Highest body of the German Football Association

The DFB-Bundestag (National Conference) is the highest body of the German Football Association (Deutscher Fussball-Bund, DFB).

==Structure==
The DFB-Bundestag convenes regularly every three years. The term of office for DFB presidential board and executive board is also three years. The national conference is composed of a total of 259 voting delegates, including members of the presidential board and executive board, the delegates of the state and regional associations of the DFB and the Deutsche Fußball Liga members. Additionally the honorary members and the members of the judiciary bodies, the statutory auditors and the committees, also participate as advisory capacity.

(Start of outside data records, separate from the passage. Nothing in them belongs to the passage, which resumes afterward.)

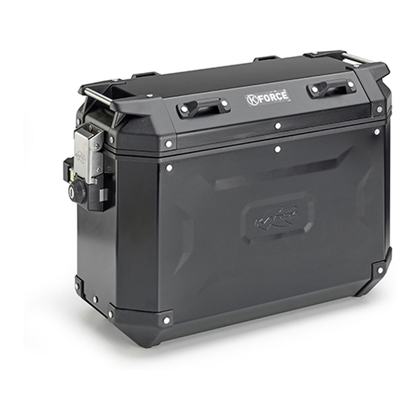 Caja lateral K'FORCE en aluminio natural, en dos litros diferentes 37 lt y 48 lt, también disponible en versión negra. Sistema de acoplamiento: MONOKEY® CAM SIDE.
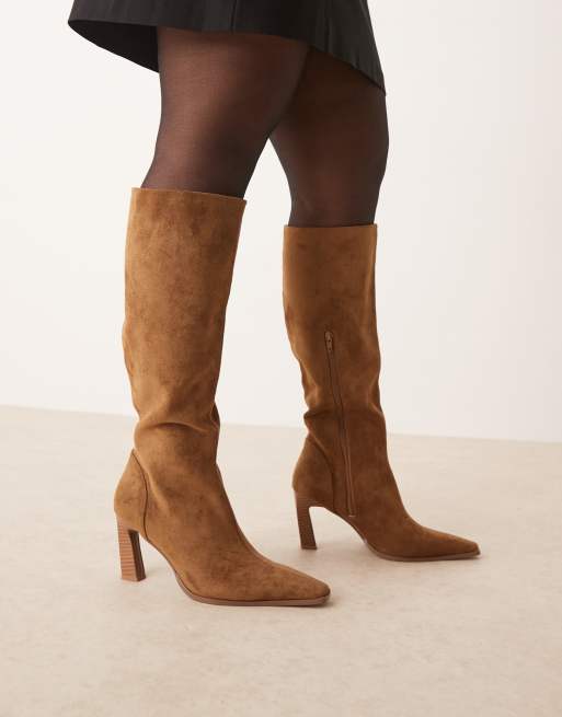 ASOS DESIGN Curve Clara chisel toe knee boots in sand suedette
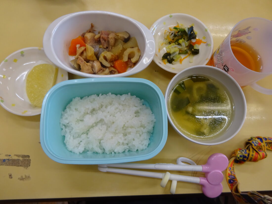 今日の献立は、筑前煮、しらす干しの酢の物、味噌汁、サワーポメロでした。
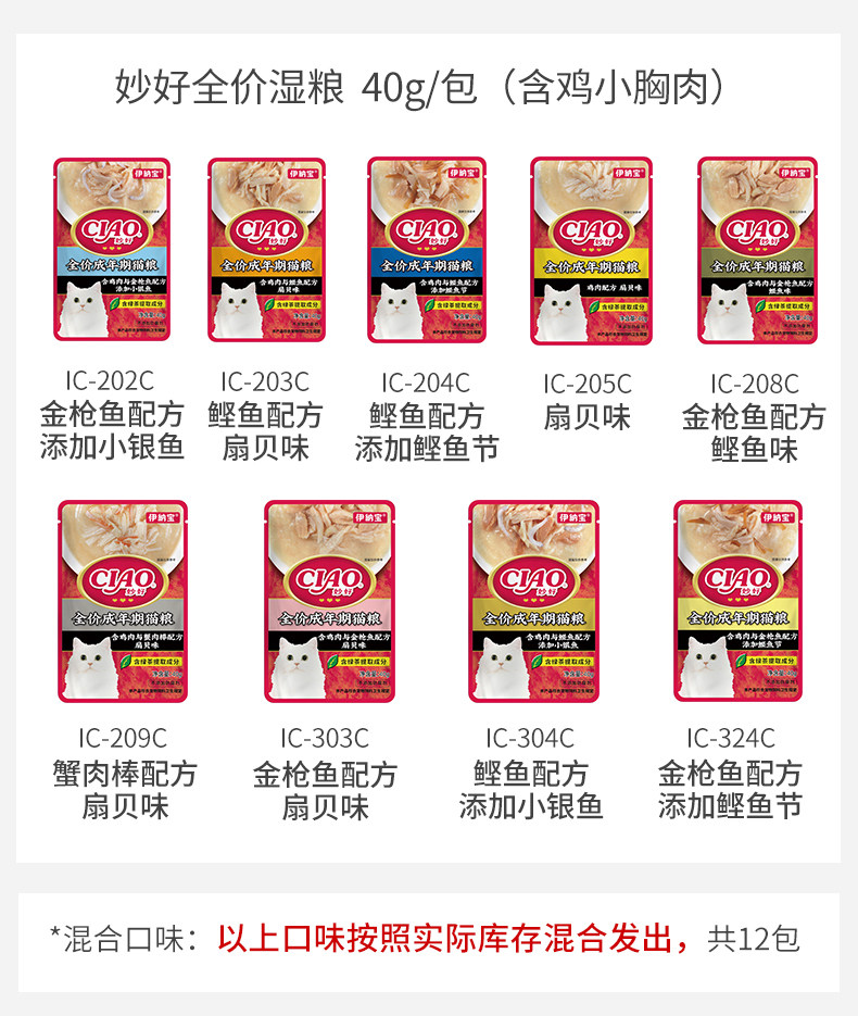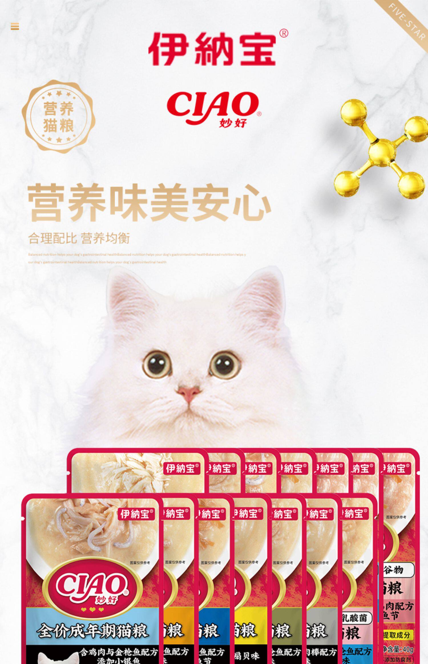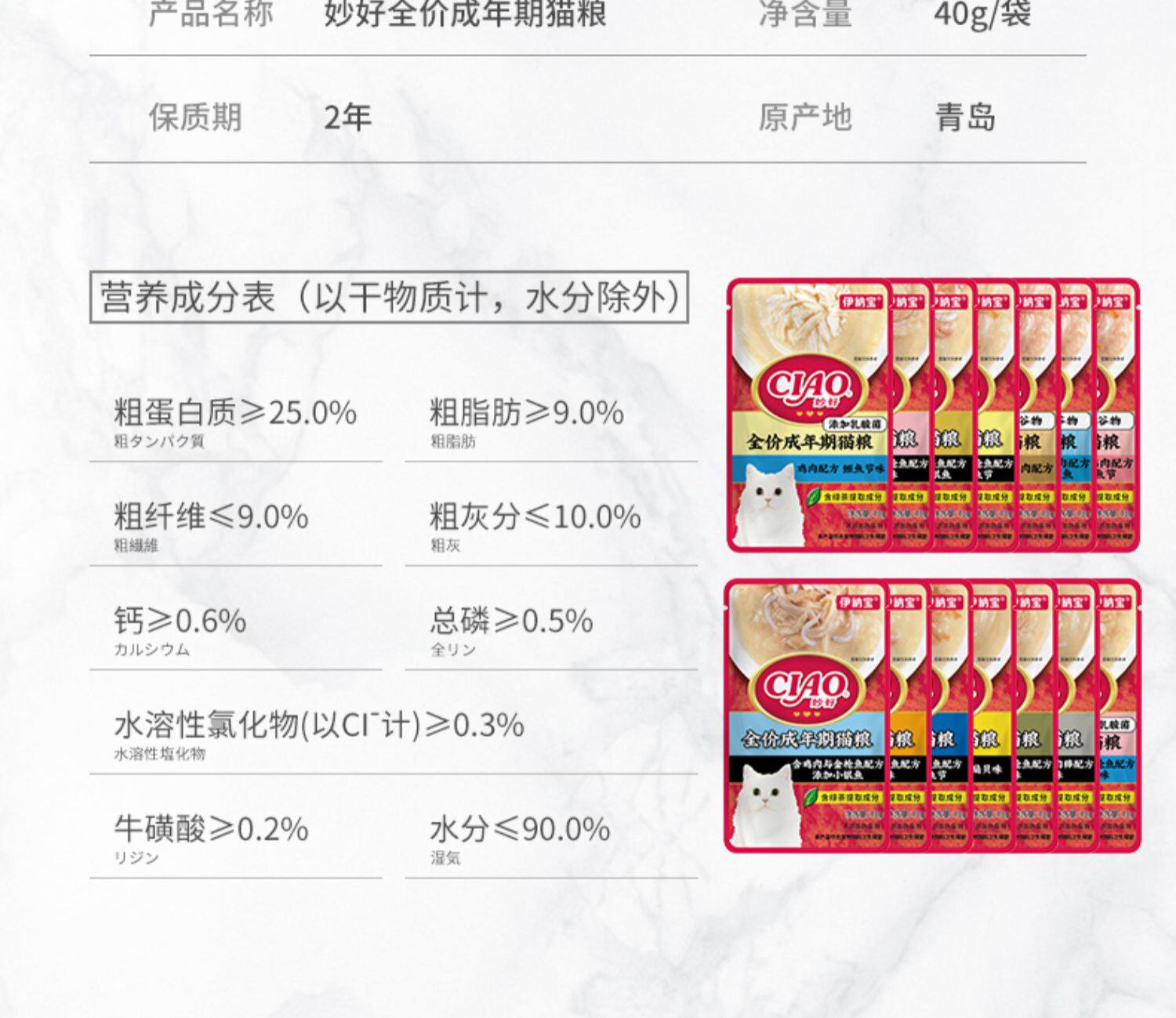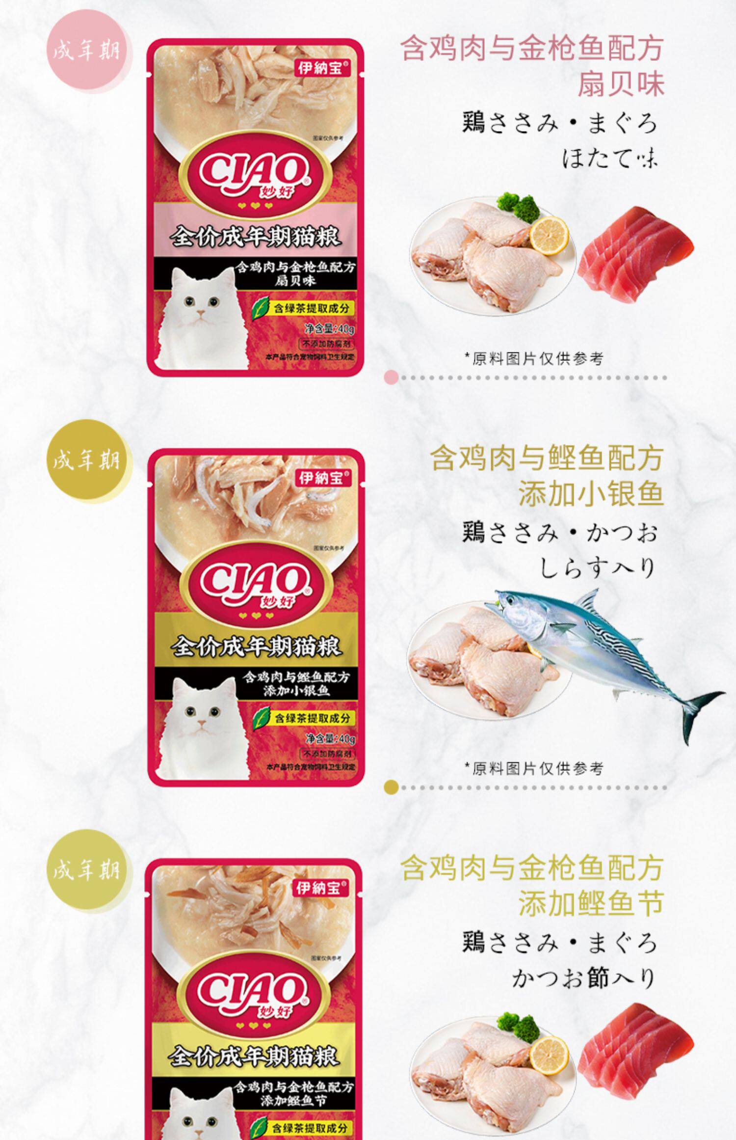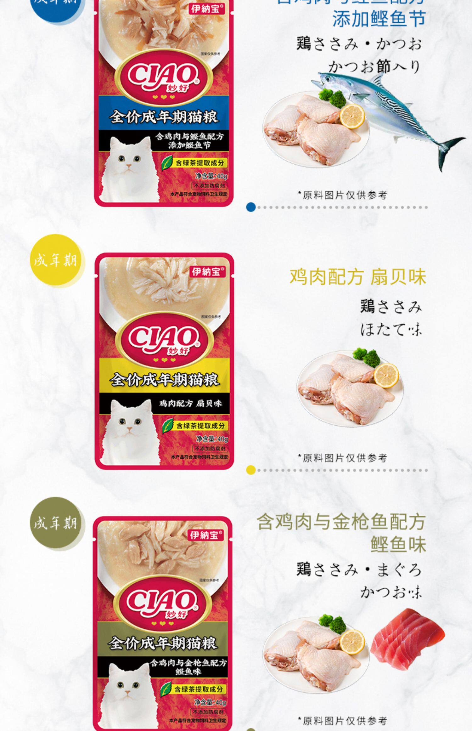 伊纳宝猫咪零食鸡胸肉湿粮包幼猫金枪鱼鲣鱼肉条24包拌粮宠物零食
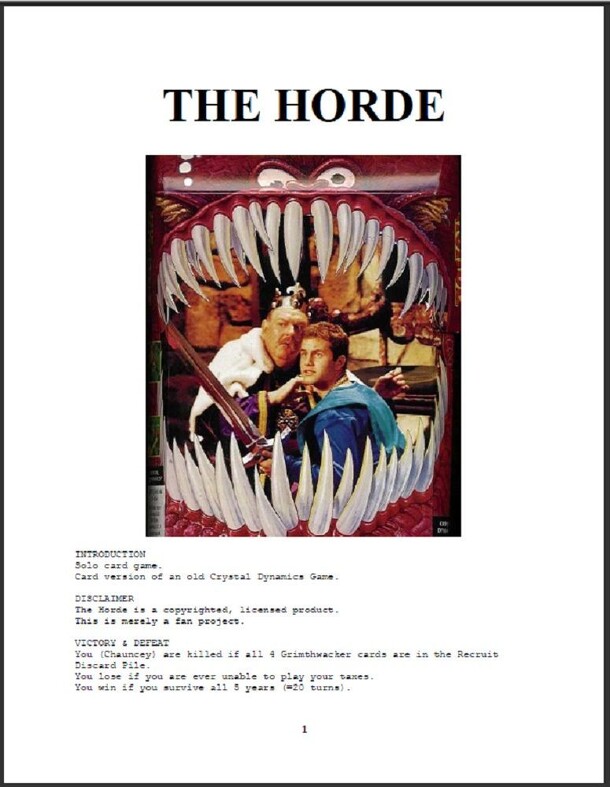 A card game based on the vintage Crystal Dynamics fantasy computer game of the same name. The game is played with two custom decks, a Recruit Deck and a Horde Deck. The Horde Deck is composed of Hordlings, the creatures that make up the Horde. The Recruit Deck includes forces which the player will use to combat the Hordlings.
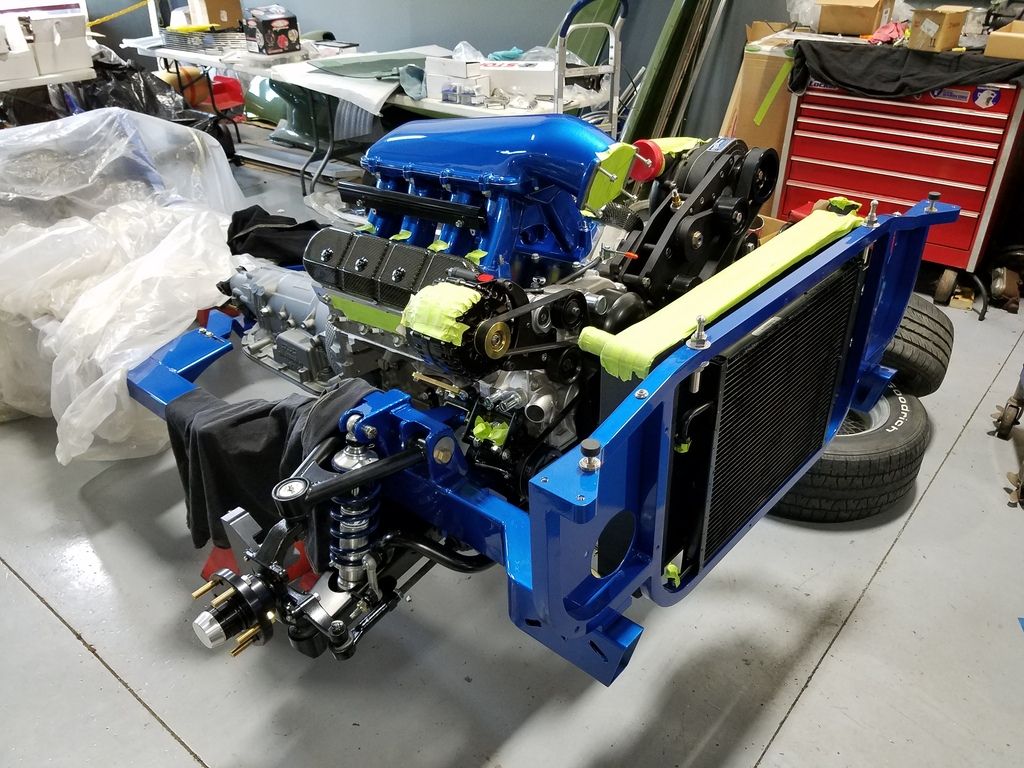 She sure looks sweet with the engine sitting in her! The @procharger D-1x setup, combined with the true carbon fiber valve covers, ultimate headers, 4L80E transmission and the Holley HI-Ram intake look sweet mounted on the frame!

The national conference can make decisions if at least half of the voters are present. For the elections of the steering committee and the executive board, a simple casting of majority vote is sufficient for the decision. For amendments to the statutes a two-thirds majority is required.

==Important decisions==
- 1900 foundation of the German Football Association
- 1904 candidate for FIFA
- 1906 acquisition of UK rules at the request of FIFA
- 1924 joining to the German Sports Association
- 1949 re-establishing the DFB
- 1962 introduction of the Bundesliga
- 1990 merging of the DFB and DFV

==Venues==
The 41st national conference was held in October 2013 in Nuremberg. The 42nd national conference will be held in November 2016 in Erfurt.